= Video games in Malaysia =

Video gaming industry in Malaysia is a developed industry and pastime in Malaysia that includes the production, sale, import/export, and playing of video games. In 2019, Malaysia was the 21st largest video game market in the world, with a total revenue of USD633 million gained.

With support by government such as Malaysian Digital Economy Corporation (MDEC), video games industry in Malaysia saw a rapid development and considered as one of the largest gaming market in Southeast Asia.

== History ==
Malaysia entered the video game industry in 1990s, notably in 1994 when Motion Pixel, a small Malaysian studio was offered by LucasArts and JVC to work together for a video game named Ghoul Patrol. the game's development was the first notable milestone of the Malaysian video game industry.

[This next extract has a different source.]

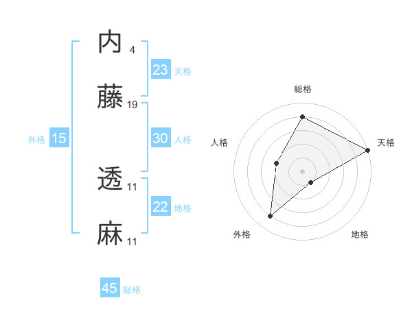 内藤 透麻さんを姓名の画数から五運を鑑定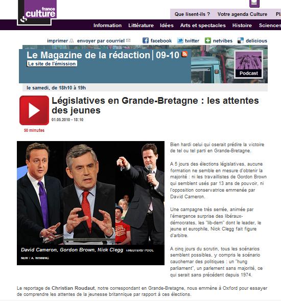 France Culture – Le magazine de la rédaction – Les élections britanniques (mai 2010)

The video game industry started to going further after encouragement from Prime Minister Mahathir Mohamad to explore more in digital sector. Along with animation industry, video games are one of the MDEC's main focus for digital content development. Several studios founded as the response such as Metronomik Studios and Magnus Games Studio.

== International gaming industry ==
Malaysia is the home of the first and only Sony Interactive Entertainment Worldwide Studios in ASEAN region, known as Malaysia Studio for Southeast Asia region and served as technical support studio for some video games. It is led by Hasnul Hadi Samsudin, former MDEC Vice President of Digital Creative Content Division.